Trump’s lousy deal-making ability comes down to two shortcomings
- His zero-sum worldview leaves no room for a win/win outcome. He can only win if the other guy loses.
- His playbook only has one tactic: Make big demands, and then keep ratcheting up the pressure until his opponent gives in. This works fine if he holds all the cards, but in any more equal situation the other side eventually walks away.
2024. If we really do have a Biden/Trump rematch in 2024, it will be a test of the American electorate: Can a majority of voters tell the difference between hype and reality? Will they vote for a guy who puffs himself up and makes exaggerated claims of accomplishments he didn’t achieve and abilities he doesn’t have? Or will they recognize the guy who has been working hard for them and getting results?

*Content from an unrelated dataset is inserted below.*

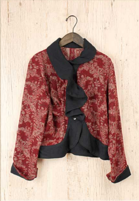
ボイルドジャマワール ジャケット
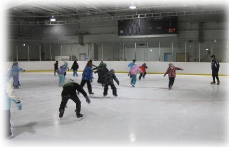
スケート学習の様子

苫小牧市の冬季を代表するスポーツであるスケートに慣れ親しむことを目的に、各学年2回のスケート学習を行いました。今年度も苫小牧体育協会に講師派遣を依頼し、指導に当たっていただきました。子どもたちは、時間いっぱい元気に滑っていました。なお、講師謝礼は PTA 予算から支出していることを申し添えいたします。

If we can’t make that choice correctly, then I would claim it’s the American public that has suffered a severe cognitive decline.

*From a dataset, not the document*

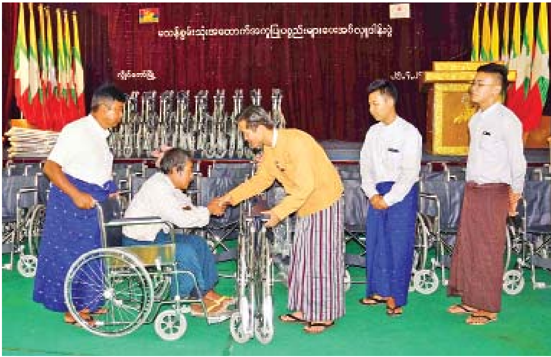
ကယားပြည်နယ်ဝန်ကြီးချုပ် ဦးအယ်လ်ဖောင်းရှိ မသန်စွမ်းသူများအတွက် မသန်စွမ်းသုံးအထောက်အကူပြုပစ္စည်းများ ထောက်ပံ့ပေးအပ်စဉ်။

သုံးနှစ်တာကာလအတွင်း ကယားပြည်နယ်လွှတ်တော်တွင် ပြည်နယ်လွှတ်တော်ကိုယ်စားလှယ် ၁၄ ဦး၊ တိုင်းရင်းသား

[1] As Politico wrote at the time:
The emerging agreement also addresses the looming need to raise the debt ceiling indirectly, declining to commit conservatives to supporting any hike without other budgetary austerity they have insisted on.
[2] When I use loaded terms like hostage, ransom, and terrorist, I feel obligated to explain why they’re justified.
In a negotiation, it’s normal and acceptable to threaten actions the other side won’t like if they don’t give you what you want. What tips that tactic over into hostage-taking is if you’re threatening actions that nobody wants and nobody benefits from.
That’s what happens when kidnappers threaten to kill their hostage, or a terrorist threatens to blow up the plane he’s on. Killing the hostage doesn’t benefit the kidnappers in any way, but they’re counting on the hostage’s loved ones to dislike that option even more than they do.
Same thing here. Sending the United States into default wouldn’t accomplish any purpose for Republicans, and would in fact harm the constituents they represent. But they assume that Biden and the Democrats like that option even less than they do.
[3] If Biden is reelected, he’ll face the debt ceiling again in 2025. But by then, McCarthy may no longer be speaker.
[4] If you force voters to resolve this contradiction, they’ll usually grossly exaggerate the amount of money the government spends on something they don’t like, such as foreign aid, or subsidies for art they find offensive, or welfare payments to able-bodied adults who don’t want to work. In truth, you could zero out these kinds of payments without making much of a dent in the budget deficit.
[5] The narrowness of his margin is why McCarthy can’t let the House expel indicted fraudster George Santos. If Santos had been expelled and replaced by a Democrat, McCarthy’s bill would have failed.